Fortune Telling Collection - Free divination - Be a firm materialist.

Be a firm materialist.

Last day of 202 1

The weather in Xiangyun is surprisingly good. /kloc-at 0/3: 39, the sun finally climbed up my desk through the window. I turned on the computer and wanted to record it.

When I brushed my mobile phone this morning, big data gave me a composite fortune of shooter and Scorpio. I opened it and looked at the comments. I am a firm materialist. Don't believe it anymore. I can't help but think of a video I saw before. Constellations and tarot cards all need love. You spend your time paying attention to these things, and it is difficult to go to heaven if you want someone who doesn't love you to love you. I seem to be getting over it, but I will think of him when I dream back at midnight. How can anyone say that if you don't love, you don't love? As if those days were like a dream. I don't know what he went through when he gave up on me, and I don't want to know what he looked like in front of a third person. What I see is his disloyalty, timidity and cowardice in front of our relationship. I realized this problem more than once, but I thought he would change and we could. After all, I can't. What I think is just my personal opinion. I neglected that people can change, and people's desires are endless.

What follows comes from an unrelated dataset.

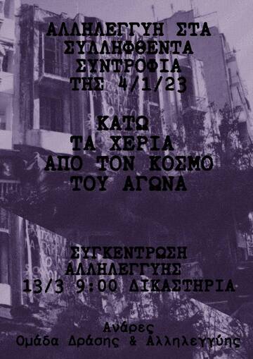 Συγκέντρωση αλληλεγγύης στα συλληφθέντα συντροφια από την ανακατάληψη της Terra incognita , 13/3, 9:00 Δικαστήρια

I have no regrets. I am braver and more honest than him. Just sad. In the past ten years, I once trusted him immensely. He made me wonder if I had ever been loved or taken seriously. All his actions seem to tell me that it is wrong to treat people sincerely and take a relationship seriously, as if there are only pros and cons to weigh in a relationship.

A long time ago, I read a saying that the human heart and the sun can't look directly at each other.

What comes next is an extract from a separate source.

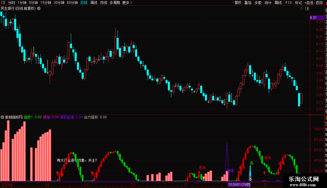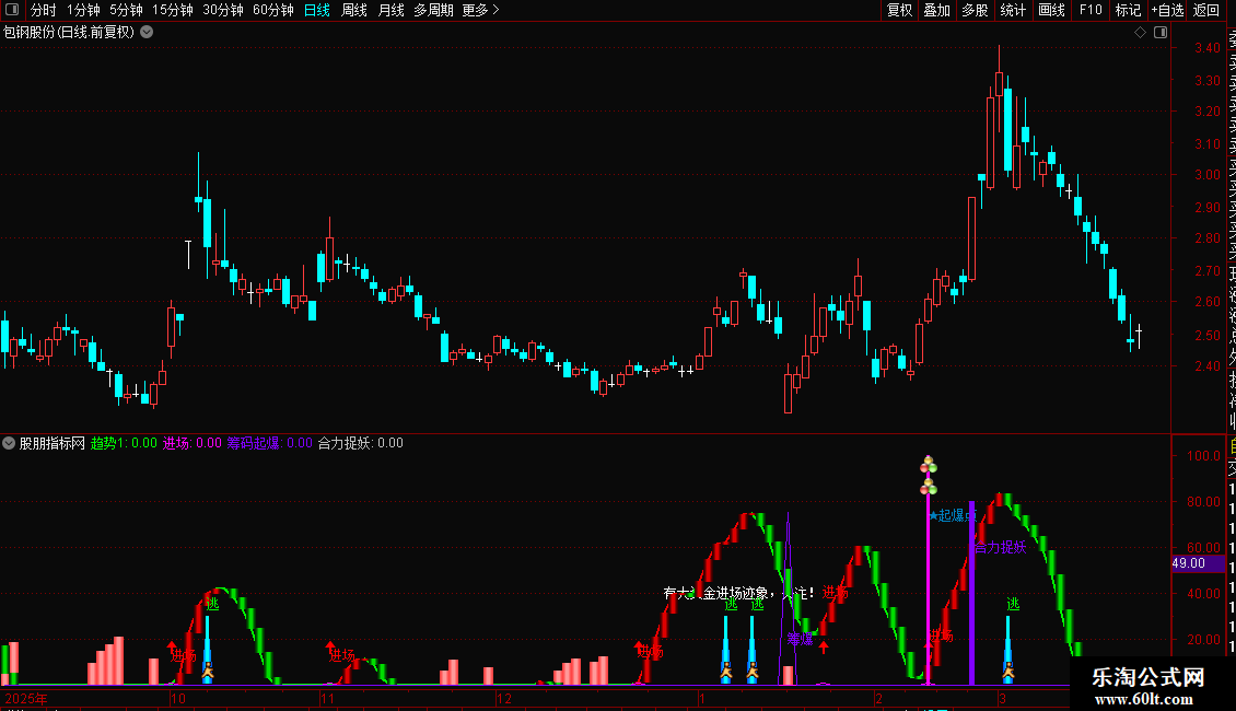 2. 进场时机:指标显示“进场”红色文字+向上箭头,且“趋势1”由绿转红时,为潜伏良机;“有大资金进场迹象”提示资金异动,需跟踪量能是否持续放大。

In fact, sometimes, I will be like an ostrich. When you encounter a problem, you want to escape and hide, thinking that the problem will be solved. Just put the problem there, will someone really solve it? Maybe I have long realized that he doesn't love me, but I think it's a pity to give up. Maybe the difference between him and me lies in the different ways of treating feelings and different views. Maybe it's the so-called no two-way trip.